- Born: March 8, 1930 McDonald, Pennsylvania, U.S.
- Died: October 2, 2024 (aged 94)
- Education: Howard University University of Pittsburgh
- Occupation: Photojournalist
- Awards: Pulitzer Prize for Feature Photography (1975)

= Matthew Lewis (photographer) =

American photographer (1930–2024)

Matthew Lewis (March 8, 1930 – October 2, 2024) was an American photojournalist who won a Pulitzer Prize for his 1975 work with The Washington Post.

==Life and career==
Lewis was born in McDonald, Pennsylvania, on March 8, 1930. He later moved to Washington, D.C. in 1947. He attended college at Howard University in 1947 for a year and then continued at the University of Pittsburgh the next year before he dropped out. From 1949 to 1952, Lewis served as a hospital corpsman for the United States Navy. Lewis received his first job at Morgan State University where he worked in the audio visual department. Lewis freelanced for the Baltimore Afro-American before getting a job with The Washington Post in 1965 as a staff photographer. He was eventually promoted to assistant managing editor of photography where he covered Civil Rights marches, Super Bowls, and John F. Kennedy's funeral. He was the first African-American photographer to work for The Washington Post.

Lewis retired in 1990, and moved with his wife Jeannine to Thomasville, North Carolina. He began working at the Thomasville Times in 1990 to keep himself occupied.

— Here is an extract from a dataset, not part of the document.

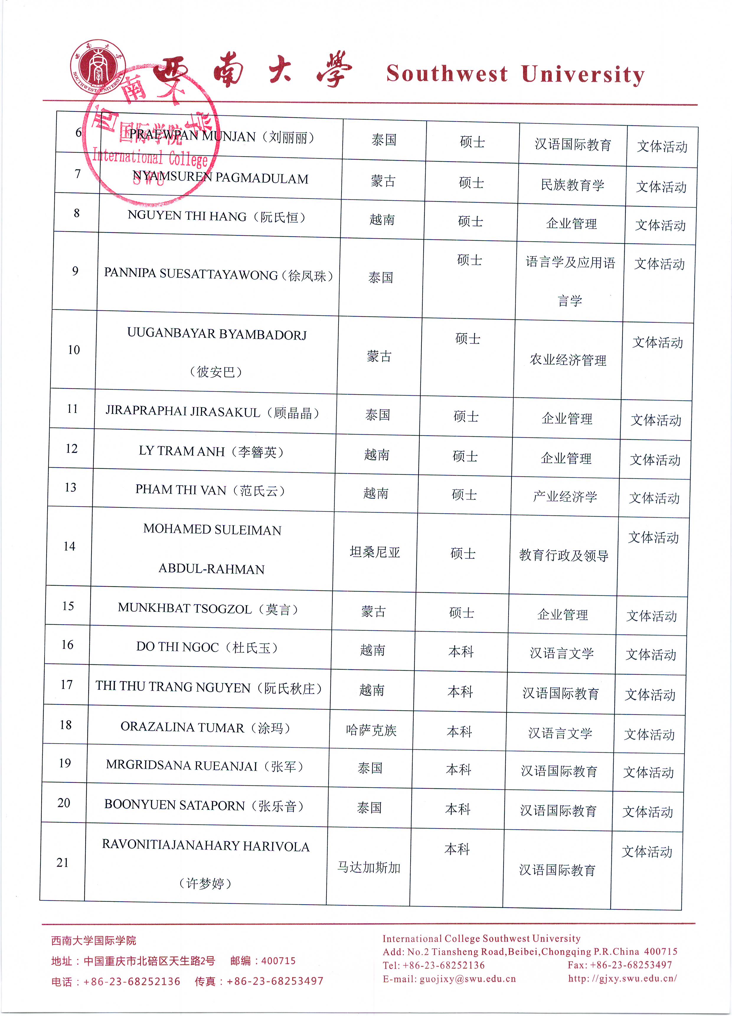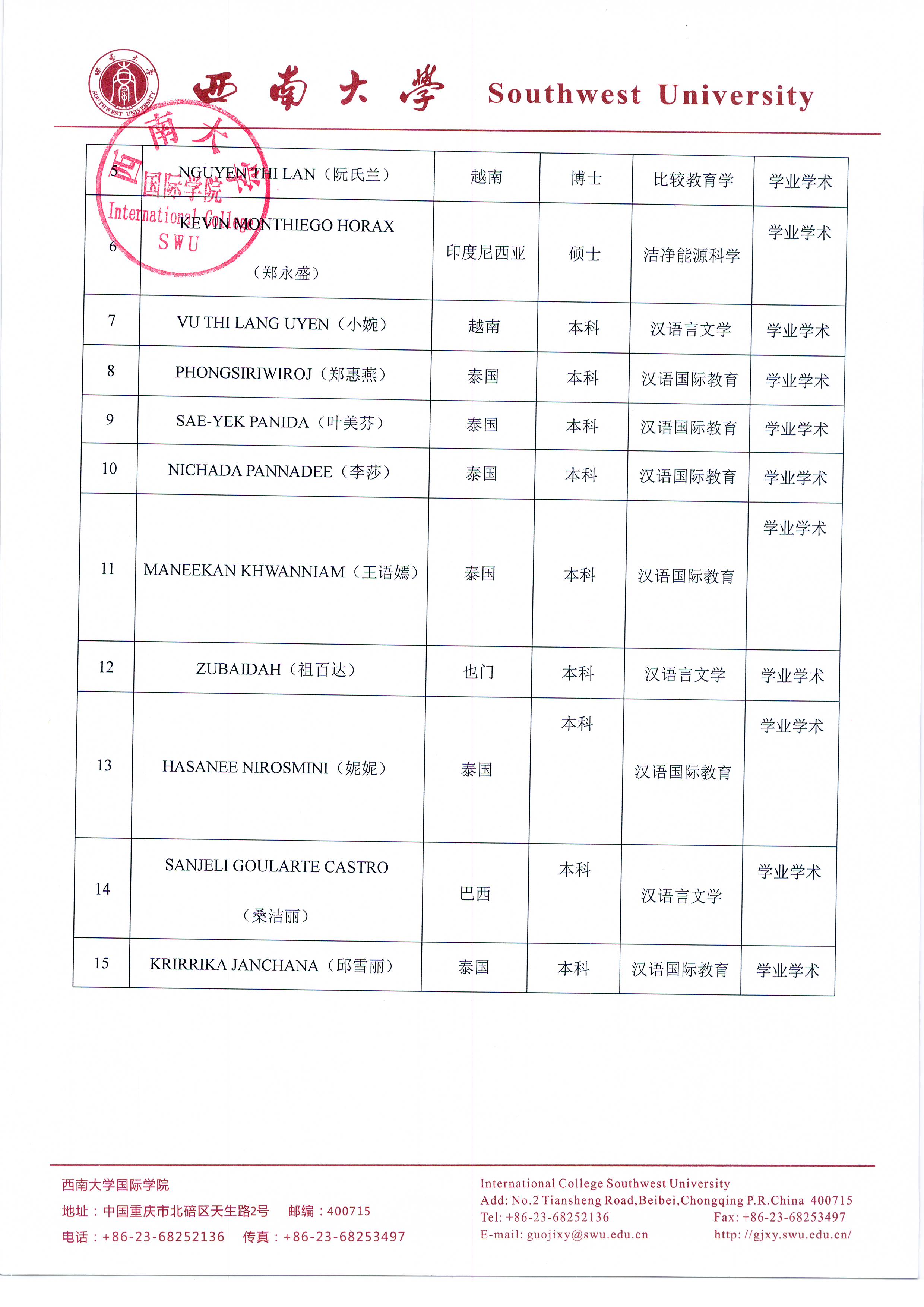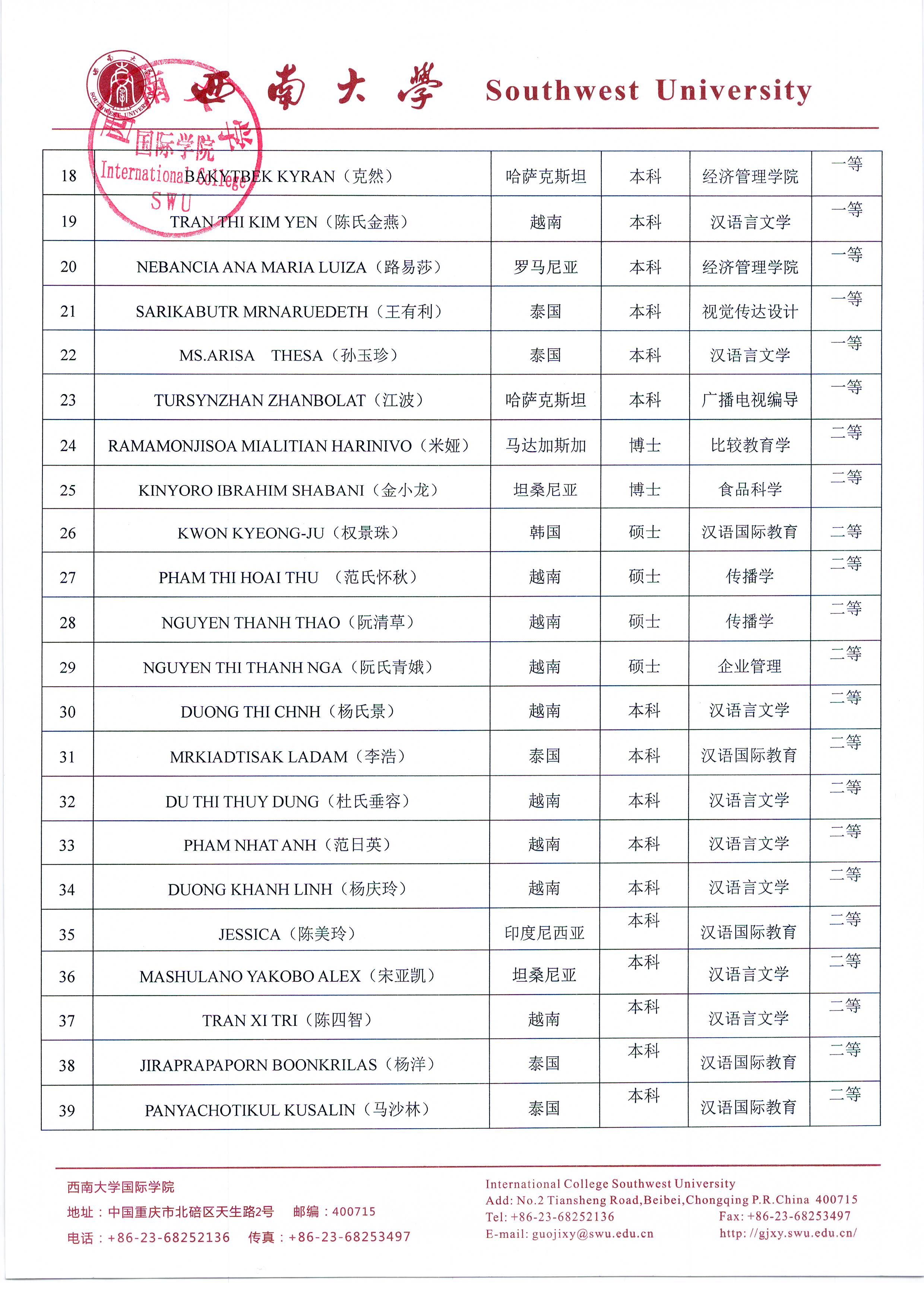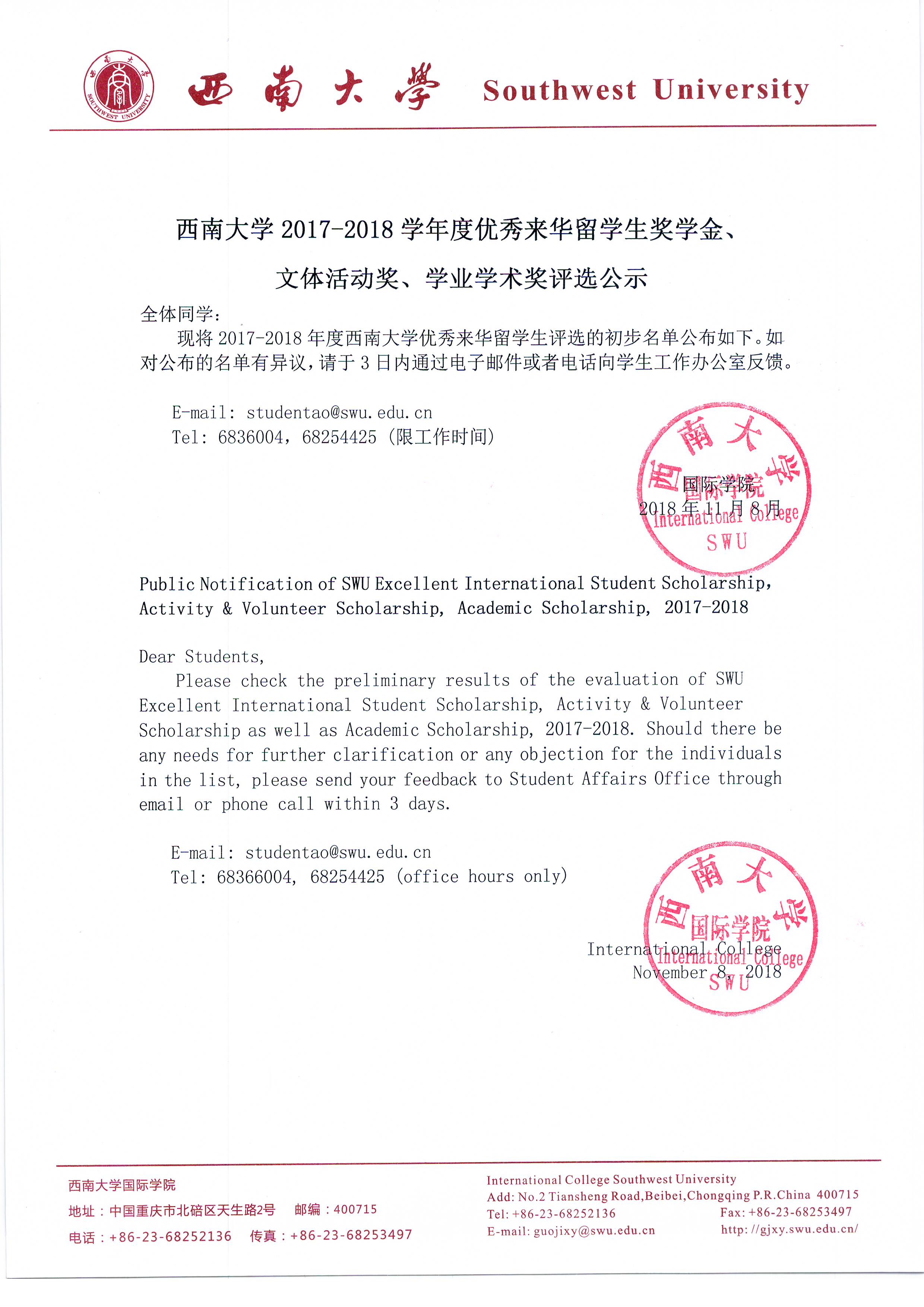 必赢776net2017-2018学年度优秀来华留学生奖学金、文体活动奖、学业学术奖评选公示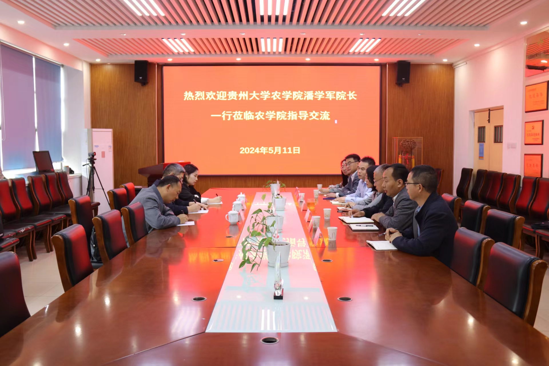 会议伊始,马伟萍对贵州大学新葡萄8883官网amg一行的到来表示热烈欢迎,对贵州大学新葡萄8883官网amg长期以来对学院的关心与支持表示感谢。潘学军介绍了贵州大学新葡萄8883官网amg根据区位优势,发展特色科学研究、人才培养、技术应用等方面的情况,表示将全力支持学院的发展,邀请学院到贵州大学新葡萄8883官网amg进行交流学习。刘义国从历史沿革、学科分布、人才培养、科研进展等情况介绍了学院发展概况。种子科学系系主任兰进好、作物遗传与育种系系主任穆平、作物栽培与生态学系系主任邹晓霞分别就各系的科研项目、实习实训基地、人才队伍、科研经费、科研成果等情况进行详细的介绍。双方就地方项目、人才引进、经费保障以及如何发展学院的特色专业和科研优势展开讨论。

Lewis died on October 2, 2024, at the age of 94.

==Awards==
In 1975, Lewis was awarded the Pulitzer Prize for Feature Photography "for his photographs in color and black and white." These photos portrayed various aspects of "the Washington lifestyle." Lewis won first place in the White House News Photographers Association competitions in 1968 and 1971 In 2010, the International Civil Rights Center & Museum honored Lewis during a special tribute and public reception.